▶ _Work to be completed_
Below are lines of records; copy exactly those from the one containing "TE Part #5745036-2 PLUG ASSY,25P,HDP-20,CN" through the one containing "Garbage In, Good", leaving the pictures behind.

▶ _Given information_
==========
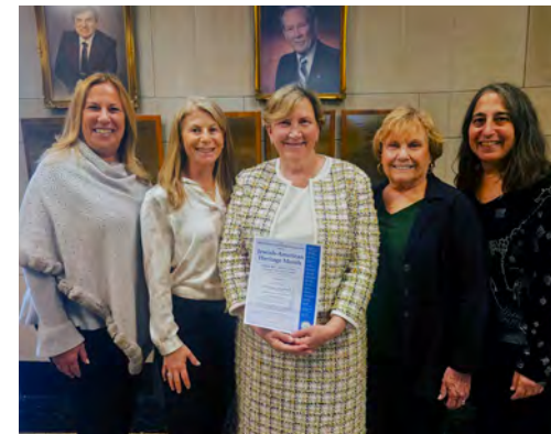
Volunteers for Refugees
==========
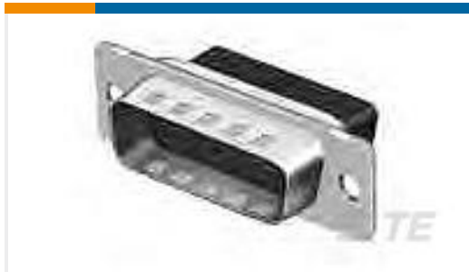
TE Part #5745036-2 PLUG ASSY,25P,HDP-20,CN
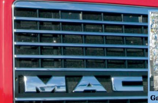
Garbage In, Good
==========
▶ _The completed task_
TE Part #5745036-2 PLUG ASSY,25P,HDP-20,CN
Garbage In, Good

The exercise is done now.